– Для Эрика власть – инструмент для достижения целей.
– Для меня – тоже, – с усмешкой отозвался Кеннеди. – Но я готов за неё побороться – потому что не уверен, что кто-то другой сможет достигнуть той же цели так же хорошо, как и я. И думаю, что не ошибусь, если предположу, что и вы откажетесь, если вам сейчас предложат взвалить работу по интеграции мутантов в людское общество на чужие плечи.
Чарльз развёл руками, понимая, что спорить не приходится.
– А если уж пытаешься оторвать целый кусок от страны, в которой живёшь, то намерения у тебя должны быть достаточно серьёзными, чтобы не доверять столь важное дело другим.
– Сомневаюсь, что Эрик считает себя гражданином Америки. Он космополит, судя по всему. Но оцените, он решил оторвать северо-западный, самый безлюдный угол на нашей карте.
– Не считая штатов Вашингтон и Орегон.
– Им просто не повезло находиться в окружении менее населённых.
Кеннеди хмыкнул.
– Наши подводники обшаривают береговую полосу в районе Сиэтла, – сообщил он. – Но вашего склада радиоактивных отходов до сих пор не нашли.
– У меня есть знакомый мутант, умеющий чувствовать металл на расстоянии, – поколебавшись, признался Чарльз. – Правда, мы не проверяли, насколько далеко простирается его способность. В любом случае, этот мутант несовершеннолетний, так что даже будь у меня возможность сейчас с ним связаться, я не стал бы его привлекать, не получив стопроцентной гарантии его безопасности.
– А сколько ему лет, этому вашему мутанту?
– Тринадцать.
– Тринадцать… – Кеннеди помолчал. – Мне было тринадцать, когда впервые проявился мой дар. И чего я только не передумал, когда мебель вокруг меня сама собой начинала ходить ходуном, а оконные стёкла трескаться, а иногда даже лопаться! Додумался даже до того, что в меня вселился бес, и я одержим.
– Мне было девять, когда я услышал голоса в своей голове, – медленно произнёс Чарльз. Слова Кеннеди что-то подтолкнули в его памяти, и новый кусочек мозаики встал на место. – Прошло довольно много времени, прежде чем я понял, что эти голоса – порождение не моей головы, а чужих. Так что… очень хорошо вас понимаю.
– Да, наш дар – далеко не всегда благо, верно? Что бы там ни думали глупцы вроде Крида, орущие, будто мы хотим их всех поработить, этот дар у нас многое отнимает, но практически ничего не даёт. Ни ума, ни здоровья… ничего. Мне он едва не стоил возможности вести нормальную жизнь. Меня как раз в то время отдали в католическую школу, но большую часть учебного года я провёл в больничной палате, пока не научился контролировать свои способности. К счастью, моя изоляция не вызвала подозрений – я и раньше много болел… Один-единственный раз, когда я смог воспользоваться телекинезом во благо, случился во время войны, когда тот эсминец протаранил наш катер, – Кеннеди тронул галстук, и Чарльз только теперь обратил внимание, что булавка на нём выполнена в виде торпедного катера. – Тогда я смог спасти себя и своих товарищей. Один-единственный раз за всю жизнь.
Он снова смолк, искоса поглядывая на Чарльза.
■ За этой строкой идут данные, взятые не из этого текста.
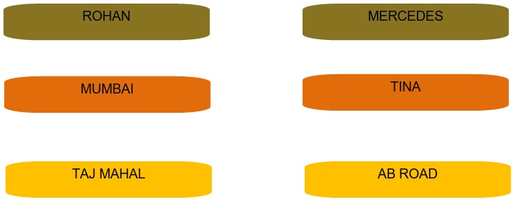 Examples: Rohan, Pune, Mumbai, Yamuna
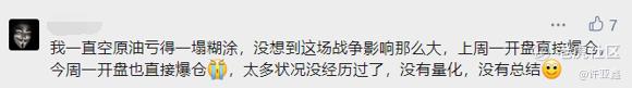 今天在看资讯的时候,看见有人留言说,“我一直空原油亏得一塌糊涂,没想到这场战争影响那么大,上周一开盘直接爆仓,今周一开盘也直接爆仓,太多状况没经历过了,没有量化,没有总结。”
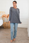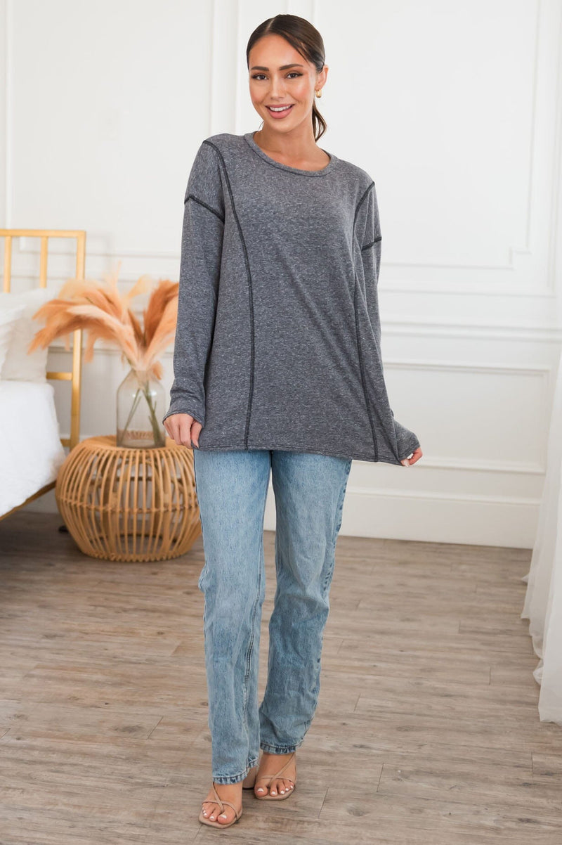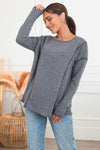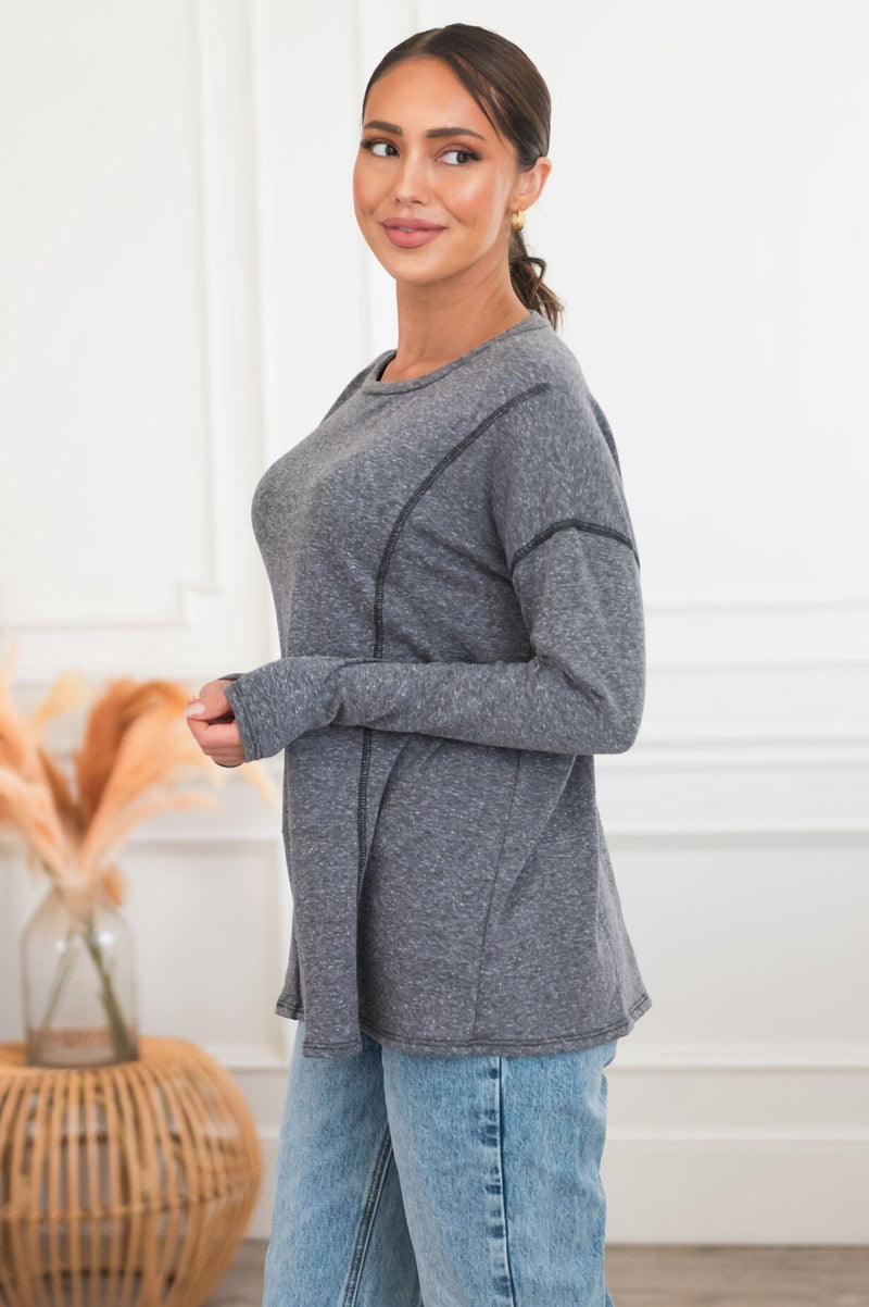 The most trendy comfy top is here and needs to be a part of your wardrobe! Featuring wonderful french terry fabric, contrast stitching, modest round neckline, long sleeves. Get yours today before they are gone and you regret it!

– Вы ведь поняли, что я солгал, когда сказал, что других мутантов, кроме меня, в нашей семье не было?
– Понял, – кивнул Чарльз.
– У нас ведь была ещё одна сестра, Розмари… Собственно, она и сейчас есть… Но в каком-то смысле уже нет. Она могла управлять электричеством – не настолько, к счастью, чтобы пускать молнии из рук, но электроприборы и лампочки вокруг неё постоянно сгорали. Хотя «управлять» тут не самое подходящее слово, она так и не научилась контролировать свой дар. Она и собой-то управляла с изрядным трудом.
– Она была умственно отсталой?
– Именно. Как мы ни бились, а преодолеть её отставание от других так и не смогли. Хотя почему я говорю «мы», я-то что, несколько раз её на танцы сводил, и всё. Бились наши родители, особенно мать. В то время казалось, что Розмари как-то сможет вписаться в общество, ну подумаешь, звёзд с неба не хватает, читает и пишет с трудом, для многих это не порок. Зато очень мягкая и милая. Но после двадцати в неё словно бес вселился. Начались побеги, ссоры. В конце концов…
Кеннеди запнулся и закусил губу.
– В конце концов отец решил, что ей надо сделать лоботомию, – решительно закончил он. – Врачи уверили, что это поможет справиться с перепадами её настроения. Вот только после этого она окончательно стала инвалидом, даже сама себя обслужить не может. Мать была в ярости, что отец предпринял такой шаг, даже не посоветовавшись с ней, но что она могла поделать? Вот так и получилось, что той Розмари уже нет, хотя она вроде как жива и даже физически здорова. Не знаю, что там теперь с перегорающими лампочками.
– Так вы с ней с тех пор ни разу не виделись? – спросил потрясённый Чарльз.
– Мы обеспечили ей хороший уход, – Кеннеди пожал плечами. – Мать и Юнис навещают её время от времени. Больше ей ничем помочь невозможно.
Он замолчал, раскуривая сигару. Чарльз тоже молчал. Перед его мысленным взором мелькали те же картинки, что только что появились в памяти Кеннеди: миловидная, даже красивая девушка, ласковая дочь и сестра, огорчающаяся из-за своего отличия от других и не способная понять, в чём же это отличие заключается… Сейчас она ведёт жизнь вынужденной затворницы, и кто знает, что творится у неё на душе, на искалеченной душе ребёнка, жертве стремления своего отца непременно сделать дочь удобной. Семья просто… забыла о ней.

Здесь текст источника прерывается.